- **INPUT MATERIAL**
########

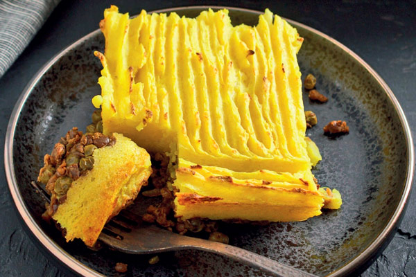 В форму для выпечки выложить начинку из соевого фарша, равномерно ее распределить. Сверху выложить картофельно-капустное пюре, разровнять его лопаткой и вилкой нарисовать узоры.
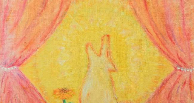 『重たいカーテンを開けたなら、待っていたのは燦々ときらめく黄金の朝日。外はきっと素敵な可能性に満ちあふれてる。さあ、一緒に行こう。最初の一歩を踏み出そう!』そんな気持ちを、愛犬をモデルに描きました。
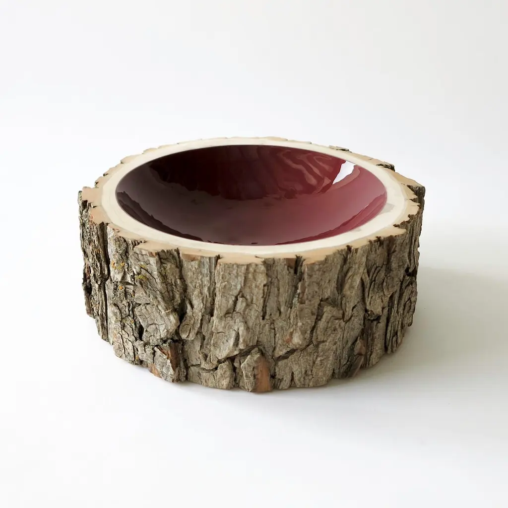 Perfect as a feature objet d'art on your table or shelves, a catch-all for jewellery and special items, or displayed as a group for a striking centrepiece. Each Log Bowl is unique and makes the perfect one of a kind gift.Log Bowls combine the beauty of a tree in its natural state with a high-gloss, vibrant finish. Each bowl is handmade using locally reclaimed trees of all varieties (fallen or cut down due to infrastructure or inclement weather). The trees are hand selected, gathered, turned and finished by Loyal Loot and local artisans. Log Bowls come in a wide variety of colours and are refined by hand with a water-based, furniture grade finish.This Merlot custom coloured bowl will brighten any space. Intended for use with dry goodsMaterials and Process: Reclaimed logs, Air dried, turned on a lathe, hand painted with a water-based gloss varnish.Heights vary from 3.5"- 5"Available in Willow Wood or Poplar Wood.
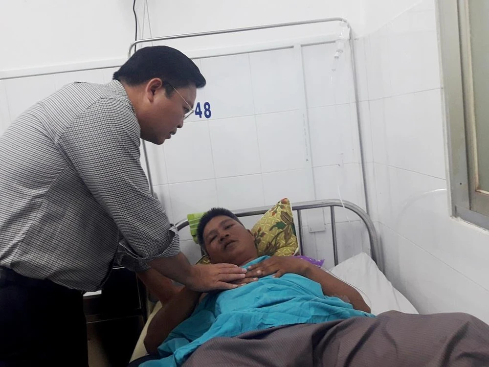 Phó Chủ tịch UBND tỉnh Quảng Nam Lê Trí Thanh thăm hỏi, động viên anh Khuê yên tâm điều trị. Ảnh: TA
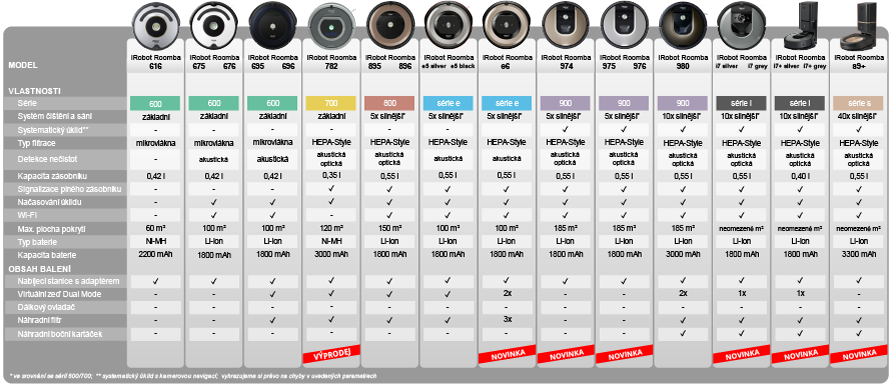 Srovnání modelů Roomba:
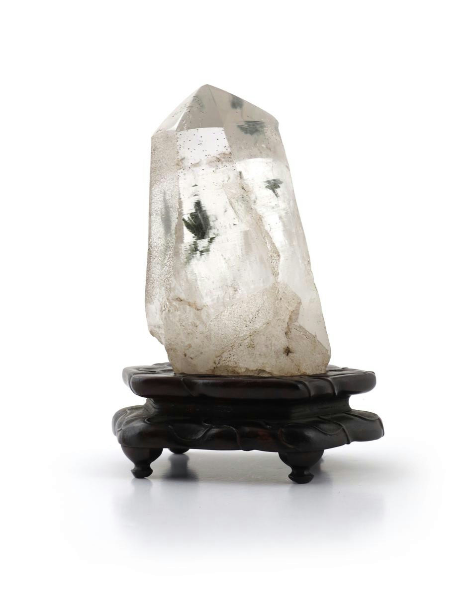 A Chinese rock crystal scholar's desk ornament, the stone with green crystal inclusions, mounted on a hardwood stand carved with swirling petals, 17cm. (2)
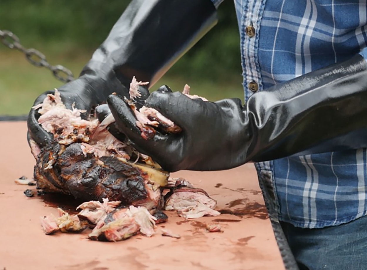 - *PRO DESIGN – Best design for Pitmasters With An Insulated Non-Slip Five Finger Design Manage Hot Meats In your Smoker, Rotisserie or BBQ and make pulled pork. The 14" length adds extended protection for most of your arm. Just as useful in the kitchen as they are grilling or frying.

########

- **EXERCISE AIM**
Every record above must be repeated exactly, with the pictures dropped.

- **SOLVED EXERCISE**
 В форму для выпечки выложить начинку из соевого фарша, равномерно ее распределить. Сверху выложить картофельно-капустное пюре, разровнять его лопаткой и вилкой нарисовать узоры.
 『重たいカーテンを開けたなら、待っていたのは燦々ときらめく黄金の朝日。外はきっと素敵な可能性に満ちあふれてる。さあ、一緒に行こう。最初の一歩を踏み出そう!』そんな気持ちを、愛犬をモデルに描きました。
 Perfect as a feature objet d'art on your table or shelves, a catch-all for jewellery and special items, or displayed as a group for a striking centrepiece. Each Log Bowl is unique and makes the perfect one of a kind gift.Log Bowls combine the beauty of a tree in its natural state with a high-gloss, vibrant finish. Each bowl is handmade using locally reclaimed trees of all varieties (fallen or cut down due to infrastructure or inclement weather). The trees are hand selected, gathered, turned and finished by Loyal Loot and local artisans. Log Bowls come in a wide variety of colours and are refined by hand with a water-based, furniture grade finish.This Merlot custom coloured bowl will brighten any space. Intended for use with dry goodsMaterials and Process: Reclaimed logs, Air dried, turned on a lathe, hand painted with a water-based gloss varnish.Heights vary from 3.5"- 5"Available in Willow Wood or Poplar Wood.
 Phó Chủ tịch UBND tỉnh Quảng Nam Lê Trí Thanh thăm hỏi, động viên anh Khuê yên tâm điều trị. Ảnh: TA
 Srovnání modelů Roomba:
 A Chinese rock crystal scholar's desk ornament, the stone with green crystal inclusions, mounted on a hardwood stand carved with swirling petals, 17cm. (2)
 - *PRO DESIGN – Best design for Pitmasters With An Insulated Non-Slip Five Finger Design Manage Hot Meats In your Smoker, Rotisserie or BBQ and make pulled pork. The 14" length adds extended protection for most of your arm. Just as useful in the kitchen as they are grilling or frying.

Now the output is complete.